2iSome years ago I started work on my first CUDA implementation of the Multiparticle Collision Dynamics (MPC) algorithm, a particle-in-cell code used to simulate hydrodynamic interactions between solvents and solutes. As part of this algorithm, a number of particle parameters are summed to calculate certain cell parameters. This was in the days of the Tesla GPU architecture (such as GT200 GPUs, Compute Capability 1.x), which had poor atomic operation performance. A linked list approach I developed worked well on Tesla and Fermi as an alternative to atomic adds but performed poorly on Kepler GPUs. However, atomic operations are much faster on the Kepler and Maxwell architectures, so it makes sense to use atomic adds.

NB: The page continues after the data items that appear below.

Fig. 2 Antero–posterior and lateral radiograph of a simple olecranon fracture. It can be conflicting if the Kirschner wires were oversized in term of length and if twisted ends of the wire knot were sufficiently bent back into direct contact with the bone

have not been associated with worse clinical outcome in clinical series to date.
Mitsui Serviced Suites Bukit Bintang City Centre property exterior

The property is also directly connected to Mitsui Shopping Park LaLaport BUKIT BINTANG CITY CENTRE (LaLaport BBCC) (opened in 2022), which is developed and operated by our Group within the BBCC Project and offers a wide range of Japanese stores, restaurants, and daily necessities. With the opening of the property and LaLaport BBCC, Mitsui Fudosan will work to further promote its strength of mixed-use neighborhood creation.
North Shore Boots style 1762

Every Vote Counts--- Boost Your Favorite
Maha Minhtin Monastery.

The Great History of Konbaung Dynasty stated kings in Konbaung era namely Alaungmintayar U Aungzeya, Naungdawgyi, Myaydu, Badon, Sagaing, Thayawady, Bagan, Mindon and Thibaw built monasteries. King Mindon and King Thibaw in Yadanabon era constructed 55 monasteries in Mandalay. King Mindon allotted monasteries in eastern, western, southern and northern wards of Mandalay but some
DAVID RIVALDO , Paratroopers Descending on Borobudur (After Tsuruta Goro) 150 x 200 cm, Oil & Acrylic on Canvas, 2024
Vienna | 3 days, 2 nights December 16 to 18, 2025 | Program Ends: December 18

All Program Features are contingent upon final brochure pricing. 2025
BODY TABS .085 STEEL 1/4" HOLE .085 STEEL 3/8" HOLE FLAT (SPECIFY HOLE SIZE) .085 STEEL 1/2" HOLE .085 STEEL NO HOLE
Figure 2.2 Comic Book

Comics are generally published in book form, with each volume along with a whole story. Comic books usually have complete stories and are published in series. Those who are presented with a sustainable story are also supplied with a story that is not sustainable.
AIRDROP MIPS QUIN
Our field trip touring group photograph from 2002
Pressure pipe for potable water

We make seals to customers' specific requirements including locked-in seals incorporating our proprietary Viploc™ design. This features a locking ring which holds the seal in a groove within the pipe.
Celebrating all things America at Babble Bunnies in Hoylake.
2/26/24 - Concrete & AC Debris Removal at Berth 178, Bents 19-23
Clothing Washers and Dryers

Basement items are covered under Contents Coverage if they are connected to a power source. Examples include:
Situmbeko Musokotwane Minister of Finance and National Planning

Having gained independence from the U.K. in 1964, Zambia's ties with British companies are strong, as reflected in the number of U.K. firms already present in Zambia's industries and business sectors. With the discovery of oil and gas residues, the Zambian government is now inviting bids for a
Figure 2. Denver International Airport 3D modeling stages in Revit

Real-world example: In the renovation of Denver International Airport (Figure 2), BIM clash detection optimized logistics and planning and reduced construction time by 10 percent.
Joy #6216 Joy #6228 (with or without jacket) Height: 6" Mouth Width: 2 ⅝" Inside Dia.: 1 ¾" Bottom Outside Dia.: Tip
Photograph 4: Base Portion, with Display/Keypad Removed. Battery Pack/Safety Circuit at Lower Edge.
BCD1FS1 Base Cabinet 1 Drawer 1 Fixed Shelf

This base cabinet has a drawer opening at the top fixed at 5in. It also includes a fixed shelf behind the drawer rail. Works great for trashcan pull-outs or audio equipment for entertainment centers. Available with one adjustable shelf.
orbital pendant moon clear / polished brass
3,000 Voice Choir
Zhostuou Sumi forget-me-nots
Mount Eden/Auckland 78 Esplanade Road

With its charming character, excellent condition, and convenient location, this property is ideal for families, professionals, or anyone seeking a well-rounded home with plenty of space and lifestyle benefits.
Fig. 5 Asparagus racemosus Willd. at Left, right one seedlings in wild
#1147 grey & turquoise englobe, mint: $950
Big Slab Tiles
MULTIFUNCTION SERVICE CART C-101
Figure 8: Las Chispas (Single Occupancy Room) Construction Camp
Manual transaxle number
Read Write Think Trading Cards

These types of summations are not limited to MPC or particle-in-cell codes, but, to some extent, occur whenever data elements are aggregated by key. For data elements sorted and combined by key with a large number of possible values, pre-combining elements with the same key at warp level can lead to a significant speed-up. In this post, I will describe algorithms for speeding up your summations (or similar aggregations) for problems with a large number of keys where there is a reasonable correlation between the thread index and the key. This is usually the case for elements that are at least partially sorted. Unfortunately, this argument works in both directions: these algorithms are not for you if your number of keys is small or your distribution of keys is random.  To clarify: by a “large” number of keys I mean more than could be handled if all bins were put into shared memory.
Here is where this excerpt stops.